The central tendency of the posterior floats about 0.75, which is what we’d expect, given our observations. This has been inferred from only four points; let’s try adding a few more. But before we do that, note that the present way the rejection sampling algorithm works is:

- Propose a parameter value according to the supplied proposal distribution.
- Generate a sample from the model, of equal size to the supplied observations.
- Compare the collected sample to the supplied observations. If they’re equal, then return the proposed parameter value. Otherwise start over.

Rejection sampling isn’t exactly efficient in nontrivial settings anyway, but
it’s *supremely* inefficient for our present case. The random variables we’re
interested in are exchangeable, so what we’re concerned about is the
total number of `True`

or `False`

values observed - not any specific order they
appear in.

We can add an ‘assistance’ function to the rejection sampler to help us out in this case:

```
invertWithAssistance
:: (Monad m, Eq c) => ([a] -> c) -> m b -> (b -> m a) -> [a] -> m b
invertWithAssistance assister proposal model observed = loop where
loop = do
parameters <- proposal
generated <- replicateM (length observed) (model parameters)
if assister generated == assister observed
then return parameters
else loop
```

The assister summarizes both our observations and collected sample to ensure
they’re efficiently comparable. In our situation, we can use a simple counting
function to tally up the number of `True`

values we observe:

```
count :: [Bool] -> Int
count = length . filter id
```

Now let’s create another posterior by conditioning on a few more observations:

```
posterior0 :: Model Double
posterior0 = invertWithAssitance count uniform bernoulli obs where
obs =
[True, True, True, False, True, True, False, True, True, True, True, False]
```

and collect another thousand samples from it. This would likely take an
annoying amount of time without the use of our `count`

function for assistance
above:

```
> replicateM 1000 (simulate posterior0)
```

Note that with more information to condition on, we get a more informative posterior.

## Conclusion

This is a really basic formulation - too basic to be useful in any meaningful way - but it illustrates some of the most important concepts in probabilistic programming. Representation, simulation, and inference.
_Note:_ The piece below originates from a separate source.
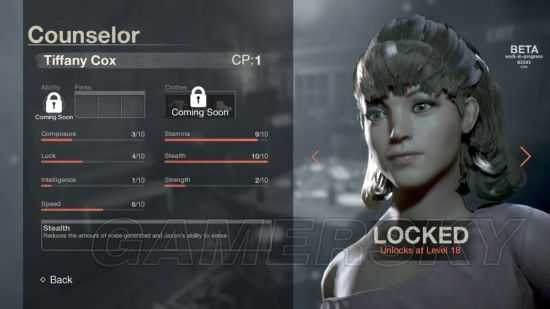 这边顺便讲一下,《十三号星期五》角色之间的属性差蛮多。黎明杀机把角色差异做在天赋上面,这款把角色差异做在基础数值上,有分镇定、力量、智慧、幸运、耐力、速度、潜行。
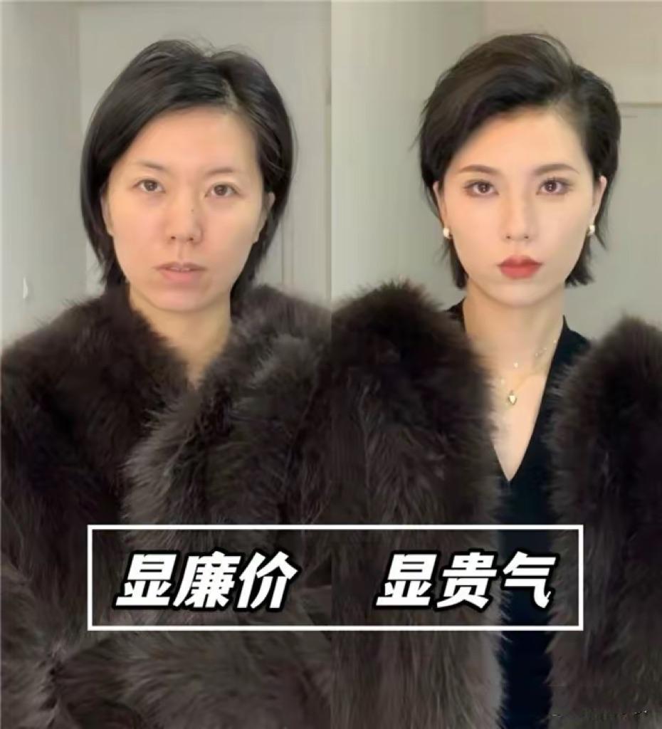 自帶貴氣感的服裝,就不要直接素顏穿着了。你素顏的樣子、撐不起這種衣服的體面。比如皮草、真絲、羊絨、真皮等面料的服裝,都是更加顯貴的。

I think it’s also particularly nice to do this in Haskell, rather than something like Python (which Dan used in his talk) - it provides us with a lot of extensible structure in a familiar framework for language hacking. It sort of demands you’re a fan of all these higher-kinded types and structured recursions and all that, but if you’re reading this blog then you’re probably in that camp anyway.

I’ll probably write a few more little articles like this over time. There are a ton of improvements that we can make to this basic setup - encoding independence, sampling via MCMC, etc. - and it might be fun to grow everything out piece by piece.

I’ve dropped the code from this post into this gist.